The above proposition is what I apparently favor when I set up distinctions between impossible and possible beings. I have not only given the so-called predicate of existence to impossible beings; I have contradicted myself by saying that x does not have the predicate of existence. How do I defend my argument against such a charge?

    The paradoxical position that I must defend, then, is that there is a sense in which something that does not exist exists. I must defend my notion of "impossible beings" in order to save my claim that possible beings exist because they involve no contradiction and any denial of all possible beings do. Rather, my claim that possible beings exist seems to rest on the dubious premise that I can make a meaningful distinction between possible and impossible beings.

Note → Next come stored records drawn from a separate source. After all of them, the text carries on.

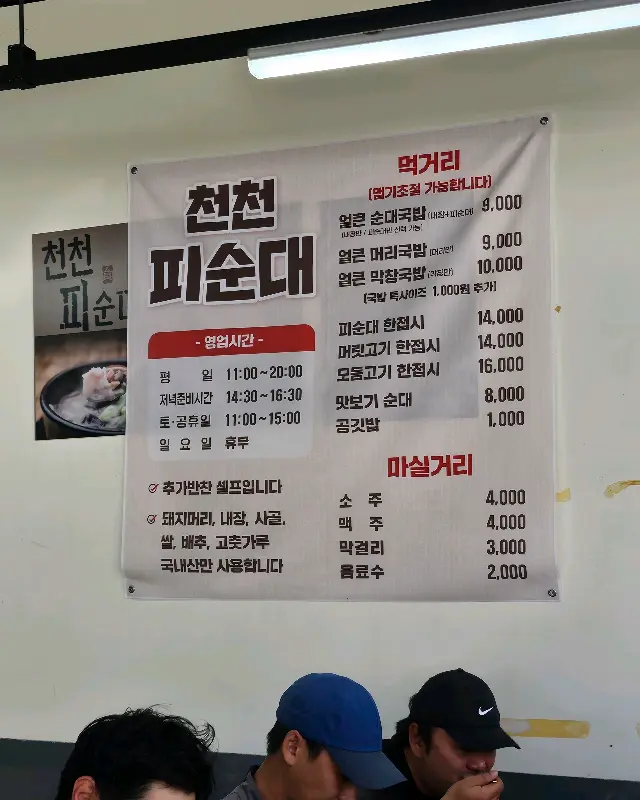 다양한 메뉴가 준비되어 있는 천천피순대 메뉴판
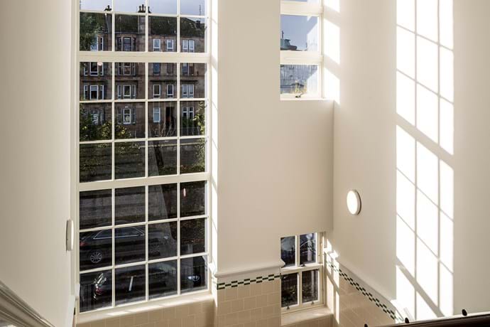 Architects on the project Anderson Bell + Christie worked closely with Historic Environment Scotland to deliver a sympathetic restoration and addition to the existing building, to bring the building back into use and provide much needed housing to the area.
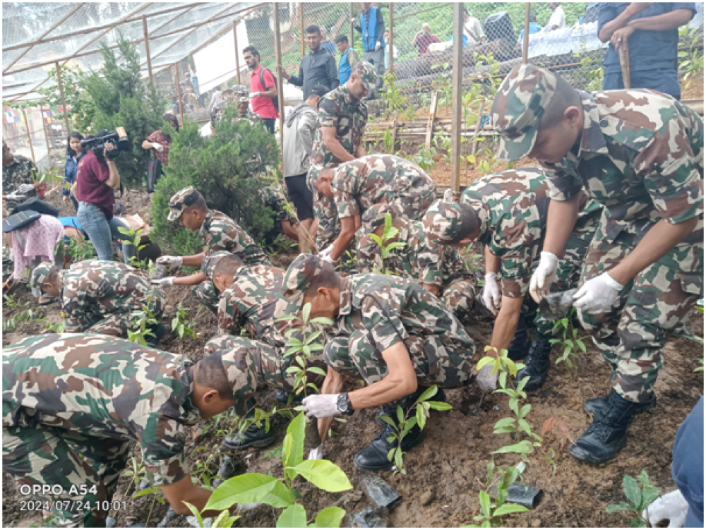 जिल्ला वन डिभिजन कार्यालय, यामाहा बी फार्म एण्ड योकोहामा सिटी युनिभर्सिटी अफ जापानको समन्वयमा भएको वृक्षारोपण कार्यक्रममा नेपाली सेना, नेपाल प्रहरी, महासमितिका पदाधिकारी र कर्मचारीले बिरुवा रोपेका थिए ।
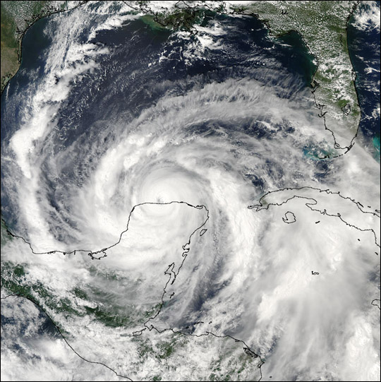 Tropical Storm Isidore. Therefore with the maximum sustained winds approaching 125 mph (205 km/hr). Also this Hurricane Isidore is just skirting the coast of the Yucatan Peninsula. The eye is clearly visible in this image and has an approximate diameter of 20 nautical miles. Isidore is expected to continue on a westward path for the next 24 hours.
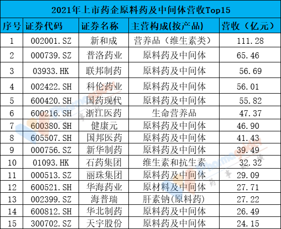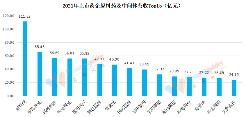 总的来说,前5名公司的原料药及中间体业务营收都在50亿元以上,top15的营收都在20亿元以上。
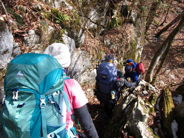 元井谷登山口からのコースは、水害後の谷を登るため、足場が悪い箇所が多いです。

    I defend my paradox by noting that the objection rests on an equivocation of the word "existence." The assumption in the objection is that when I define a being as "impossible" or "not existing" that I must mean the same thing as I do when I define a being as "possible" or "existing." This seems, at first glance, to be a reasonable assumption. Logic generally is not equipped to understand the copula of a proposition as anything more than a connector between subject and predicate. Philosophy, however, is.

    Let us look at the case of the thing which does not exist, and see if we can make sense of it as a thing which exists in the sense that we can talk about it but not in the sense that such a thing is real. Let us look at the chair on which you sit. Or, perhaps, you do not sit on a chair, but you can imagine a chair which is not there. The chair which does not exist, in this case, is still something, is it not? In this case, the chair is the object of your imagination. Now, look outside. Maybe, there are no chairs there. But, there is still something there, is there not? The "not chair" is perhaps a sidewalk, or some trees, or some grass, or something else. When we speak of chairs which are not, we can and do speak meaningfully of them. Maybe, they do not have our predicate of existence, but they at least exist in the sense that there is a real "something" that is the true object of the "not chair."

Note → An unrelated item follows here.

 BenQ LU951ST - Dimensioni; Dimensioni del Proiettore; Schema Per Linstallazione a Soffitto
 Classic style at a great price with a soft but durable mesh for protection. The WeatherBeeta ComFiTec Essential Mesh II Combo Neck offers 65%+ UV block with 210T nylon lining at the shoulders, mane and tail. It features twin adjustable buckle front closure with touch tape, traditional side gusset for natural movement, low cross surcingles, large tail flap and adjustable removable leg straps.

    An "impossible being" likewise is something we can speak about. Now, I have never had an acquaintance with an "impossible being." Also, I do not really find myself able to imagine one in any way, but the garble that we speak of when we speak of such things at least represents the sentence which constitutes them, the semantics, or the sounds, or the words we cannot make sense. "A bull with horns that has no horns" is an impossible being, but the meaningfulness in speaking about such a being is that the being really is a something, it is at least the words which comprise it, or the opposites we are not able to understand in combination but are able to understand on their own. I know what a bull with horns is, and I know what a bull without horns is, but I do not know what one is in combination with and without horns. This impossible being I understand as a combination of things I do understand whose combination I cannot understand. It is a something, though it expresses in itself nothing which really exists.

    So, now, what is so absurd about "existence" as a predicate? Impossible beings do not exist, but as objects of discussion do represent something else which is real. What does not exist refers to something else—"What is outside your window?-not a chair." Surely, that is meaningful. The logician’s objection to my argument is naïve. It treats "is" merely as an "=" in mathematics when "is" clearly refers to something more complex than that. "God" does refer to "God existing" but "Impossible being" does not refer to "Impossible being existing" anymore than the chair you do not sit on means that the object of your imagination is really a chair you can sit on. It is something, the object of your imagination, but it is not ascribing the same sort of existence at all. I think this now is clear.

    In that way, then, "God exists" does not merely refer to the copula of a proposition. Since we can and do talk about things not existing in a meaningful way, it is meaningful whether we say of something that it exists or that it does not exists. If it exists, then we may have added nothing to our brand new car at first notice, but take that car’s existence away, and you may have a chair instead. You may now sit on this "not car" while we move to the second objection.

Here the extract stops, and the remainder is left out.